Yesterday after dinner I came up with my most brilliant mothering move ever.
As I handed over Ivy’s chocolate Easter bunny as a reward for a clean plate I said: “Just so you know you should always let your mom eat your chocolate bunny’s ears or it’s bad luck.”
Ivy: “What do you mean bad luck?”
Me: “You’ll never find your Easter basket next year if you eat your own ears, you have to let your mom do it.”
Ivy headed back to the table chocolate bunny in hand looking thoughtful and unconvinced but moments later she was back, presenting me with her bunny so I could eat the ears for her. As she took her ear-less rabbit back to the table she explained the situation to Clara and I was gifted with another set of ears.

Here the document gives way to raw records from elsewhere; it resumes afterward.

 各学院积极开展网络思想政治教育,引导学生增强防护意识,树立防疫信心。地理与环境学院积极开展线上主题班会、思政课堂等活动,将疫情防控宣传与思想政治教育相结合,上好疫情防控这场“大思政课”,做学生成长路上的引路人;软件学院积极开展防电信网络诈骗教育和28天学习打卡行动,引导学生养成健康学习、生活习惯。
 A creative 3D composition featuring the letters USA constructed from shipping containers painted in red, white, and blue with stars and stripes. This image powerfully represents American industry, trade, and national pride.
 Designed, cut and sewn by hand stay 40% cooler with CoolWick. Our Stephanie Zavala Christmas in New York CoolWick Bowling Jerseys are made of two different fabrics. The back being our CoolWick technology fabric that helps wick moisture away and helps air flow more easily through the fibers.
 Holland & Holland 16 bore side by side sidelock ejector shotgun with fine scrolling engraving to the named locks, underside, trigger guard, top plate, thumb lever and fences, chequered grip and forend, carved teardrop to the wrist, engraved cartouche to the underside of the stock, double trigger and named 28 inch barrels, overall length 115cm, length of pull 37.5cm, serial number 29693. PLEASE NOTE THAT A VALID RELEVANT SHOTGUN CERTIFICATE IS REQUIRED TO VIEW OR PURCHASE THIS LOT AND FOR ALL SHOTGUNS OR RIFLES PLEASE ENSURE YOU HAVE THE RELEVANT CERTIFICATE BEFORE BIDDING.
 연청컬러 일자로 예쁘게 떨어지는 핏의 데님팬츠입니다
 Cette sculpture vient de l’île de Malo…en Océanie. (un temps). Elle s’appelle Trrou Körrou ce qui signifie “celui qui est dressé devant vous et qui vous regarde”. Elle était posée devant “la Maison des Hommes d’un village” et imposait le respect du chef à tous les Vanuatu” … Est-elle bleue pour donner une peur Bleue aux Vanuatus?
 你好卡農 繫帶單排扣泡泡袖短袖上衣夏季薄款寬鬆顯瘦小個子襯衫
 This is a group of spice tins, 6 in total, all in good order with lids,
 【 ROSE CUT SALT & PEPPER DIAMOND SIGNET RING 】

The Easter bunny had splurged, those were some damn fine chocolate ears.
I figure if I can keep this up for the next few years I’ll have them brainwashed before they start thinking about it too much and I’ll have three sets of chocolate ears to look forward to every year.
It could be pointed out that my girls are smart and may start questioning this “bad luck” thing. But, I would in turn point out that there are few depths that I wouldn’t sink to for some good chocolate and I have a direct line to the Easter Bunny – we can make a basket very hard to find.
Full of my great scheme (and chocolate) I told John what I had done and he called me all sorts of rotten names and threatened to out me to the kids.
Later a friend who had witnessed the brilliance of my bunny ear munching told me she was very impressed.
What do you think? Was this the most genius chocolate ear stealing scheme ever, or am I an evil chocaholic who knows no boundaries?